In short the most sensible answer is no 

If on the road a registered car must be insured.
If your reg shows up as uninsured and the rozzers happen to spot your car it can be removed.
Also there is no 3rd party protection from your uninsured car...for instance if a child happened to hurt themsleves on your car or someone bumped into you on the road etc etc etc.

Keep it all above board for your own protection
If the car is going to sit there for a while chose a very low mileage policy saving you money - or if money is an issue look at a TPO option if that suits your circumstances......


----------



## srmtor (Jul 12, 2008)

Cheers guys, I'll be selling it soon as weve just been giving a motability car and haven't got space on the drive for my car. Would it be ok then if parked on private land?


----------



## Alan W (May 11, 2006)

srmtor said:


> Would it be ok then if parked on private land?


Yes, that's the only place you can park it! 

Alan W


----------



## srmtor (Jul 12, 2008)

Thanks


----------



## Shiny (Apr 23, 2007)

Make sure it is Sorn'd if you no longer have insurance on it and are laying it up on your drive. It is now an offense to own a taxed without insurance.


----------



## p5x (Jul 14, 2012)

how long do you have to tax the car if you've just bought it and it was previously sorn?


----------



## AliBailey88 (Oct 13, 2009)

tbh ive bought and sold cars quite alot, no insurance and no tax. I just leave them on the drive, havent had a problem yet. Then again i only have them for about 2 weeks.


----------



## sirkuk (Mar 5, 2012)

Unless it's SORN and off the road, it has to be insured. Of course you have some grace if you're trying to sell, but anything long term, if it's taxed, it has to be insured.

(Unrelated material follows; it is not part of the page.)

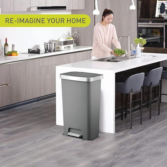 商品名:EKO ゴミ箱 ペダル式 ハナ ステップビン グレー 45L ふた付き インナーボックス無し EK6266-45L-GR

Sent from my GT-I9300 using Tapatalk


----------



## Shiny (Apr 23, 2007)

There are no days of grace, the new CIE law is simply if it is taxed, it must be insured.


----------



## rizo (Jul 14, 2012)

if you are under a motor trade insurance policy you do not need to notify the insurer/MID of vehicles that are in your possession for less than 14days, anything longer then it needs to be notified and appear on the MID.


----------



## Shiny (Apr 23, 2007)

And the same for "declaration" based fleet policies, but the vehicles are still insured even within the 14 days MID reporting period, so there is no breach of CIE. 

Private car insurance is different, if you cancel or lapse your policy (or change to a new car and stop the insurance on the old car), you must declare your car Sorn'd immediately.


----------